Screenshot_4Llamamos “depresión” a todos los estados no placenteros que sentimos cuando las cosas no salen como nosotros queríamos. No nos estamos refiriendo a la depresión endógena a nivel psiquiátrico, lo que es algo bastante grave. Simplemente, es lo que queremos decir cuando le contamos a un amigo: “estoy deprimido” o “tengo la depre”.

La depresión puede ser pragmáticamente designada como una conducta, más precisamente aún, como un mal hábito, parecido al de comerse las uñas o criticar al prójimo.

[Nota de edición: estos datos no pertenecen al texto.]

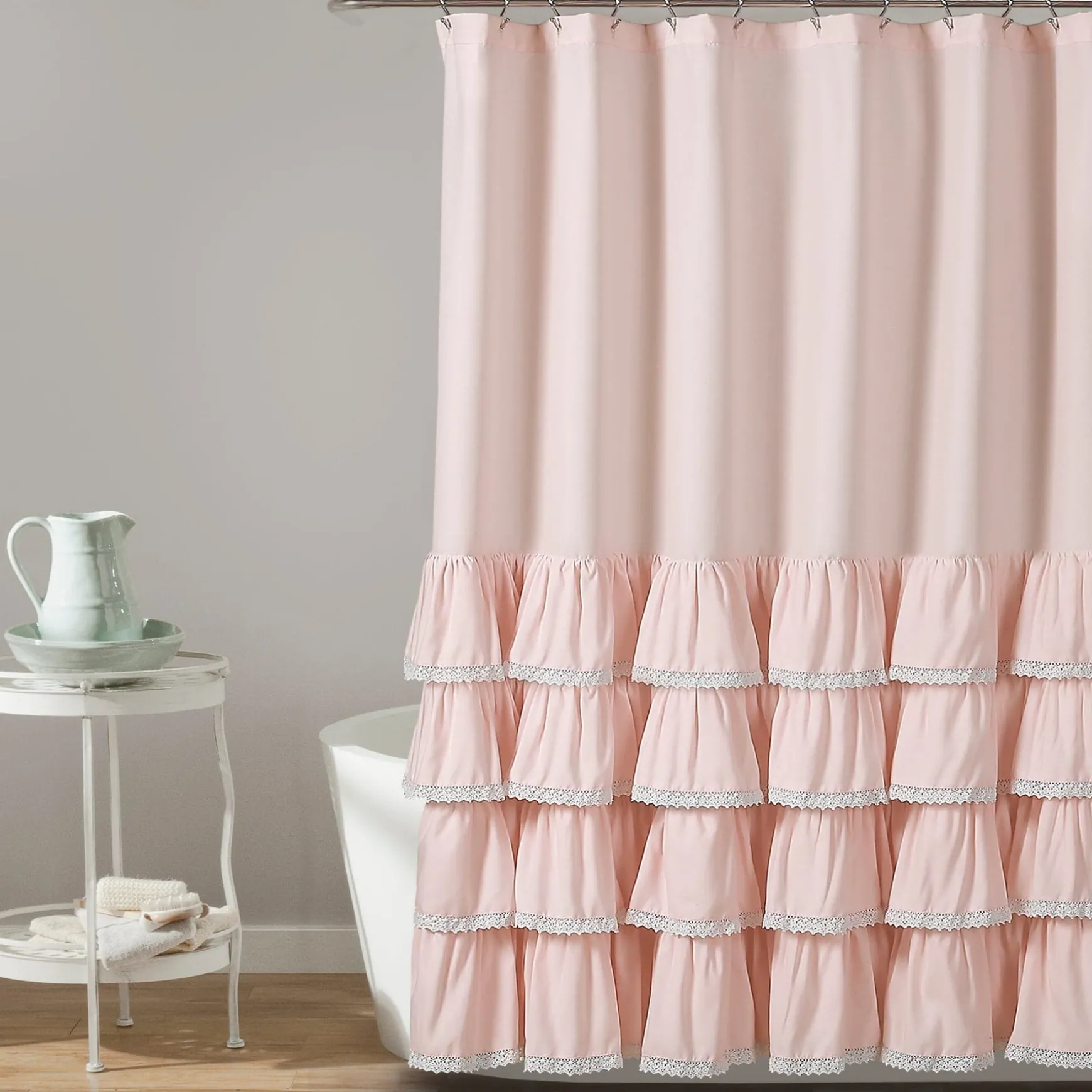 This Ella Ruffle Lace Shower Curtain is so versatile you can use it for your master bathroom, guest bathroom or child’s bathroom. The fancy and frilly look is ideal for girls and women of any age.
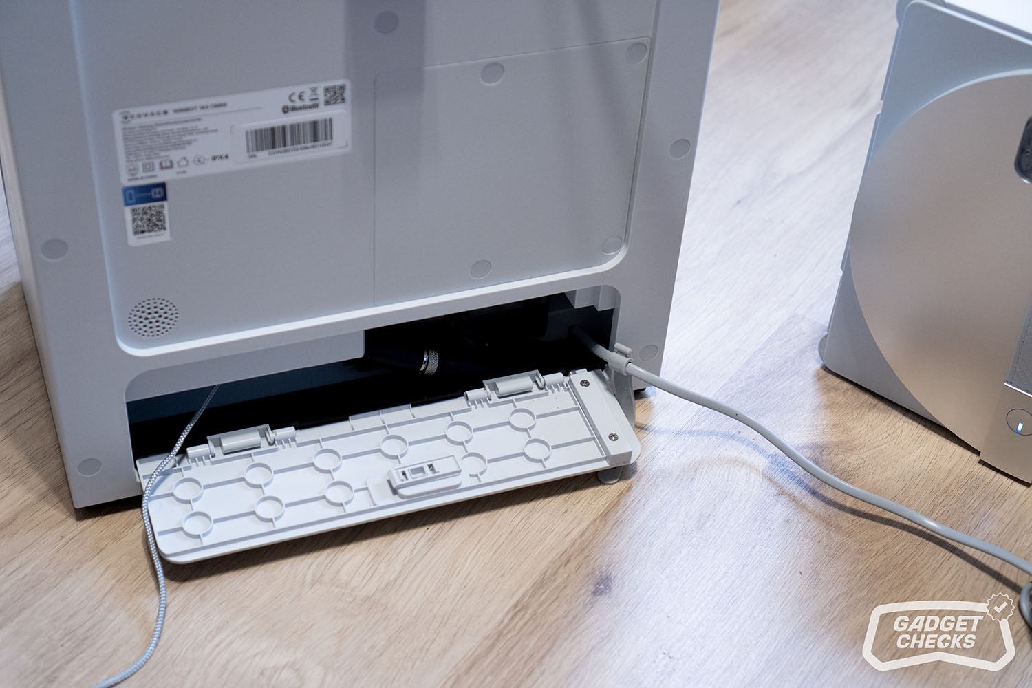 Das Ende der Reinigung wird durch Sprachansagen und akustische Signale angekündigt. Bleibt der Roboter nach dem Einsatz längere Zeit ungenutzt, meldet sich die Station nach einer gewissen Zeit und weist darauf hin, dass die Station heruntergefahren wird. Gleichzeitig gibt es Hinweise, das Wischpad zu entfernen oder zu reinigen. Je nach gewähltem Modus kann es auch während der Reinigung Hinweise geben, wenn das Pad zwischendurch gereinigt werden sollte, was vor allem bei intensiveren Programmen der Fall ist. Nach dem Einsatz wird das Wischpad entnommen, die Frontklappe der Station geöffnet und das Pad in die entsprechende Vorrichtung eingesetzt. Der Roboter selbst wird an der Rückseite der Station eingehängt. Anschließend lässt sich per Knopfdruck der automatische Kabeleinzug starten. Auch hier wurde mitgedacht: Erkennt das System einen Widerstand, etwa weil der Roboter noch nicht korrekt eingehängt ist, stoppt der Einzug sofort. Das verhindert unnötige Belastung und wirkt insgesamt sehr durchdacht.

Muchas veces se desencadena por una etiqueta desafortunada que hemos colocado muy a la ligera. Si consideramos una tarea como “desagradable”, “aburrida”, “estresante”, es seguro que estamos gestando una depresión. Si por las mañanas vamos caminando hacia nuestro trabajo diciéndonos mentalmente “soy un esclavo”, arrastraremos los pies, encorvaremos la espalda y dejaremos caer la cabeza, como un buey que tira del arado. Alguien definió una vez al depresivo como aquella persona que siempre ve la copa medio vacía, al contrario del optimista que siempre la ve medio llena.

Podríamos decir que nos sentimos deprimidos cuando vemos que la realidad de lo que nos sucede no está de acuerdo con lo que nosotros esperábamos que ocurriera, o sea, cuando no se realizan la expectativas que nos habíamos forjado. Habíamos fantaseado sobre una posible realidad acorde con nuestros deseos, pero los porfiados hechos se comportan de manera contraria. Esto nos produce cólera, infelicidad, frustración, ansiedad y, en último término: depresión.

Percibir un suceso como agradable o desagradable está dentro de los límites de elección de un individuo. Condición previa es dejar de etiquetar el hecho como algo definitivamente “malo”. Es una tendencia de nuestra mente la de funcionar en pares de opuestos: “Sí No, Bueno – Malo”. O es como yo quisiera, o he sido derrotado, por el destino, las circunstancias, los otros… da lo mismo. Hipócrates decía, por allá por el 400 A. C.: “Desde la mente, y sólo desde la mente, vienen a la existencia nuestros placeres, gustos, risas, chistes, tanto como nuestras penas, dolores, tristezas y lágrimas”.

Puede ser que nos guste o no un hecho determinado, pero en vez de dejarnos aplastar por una paralizante fatalidad, debiéramos empezar a imaginar alguna táctica para revertir la situación a nuestro favor, examinando posibles soluciones destinadas a responder a ese desafío. Si empezamos a delinear un plan de acción, nuestra tristeza y nuestra depresión se esfumarán; estaremos demasiado ocupados para seguir lamentándonos.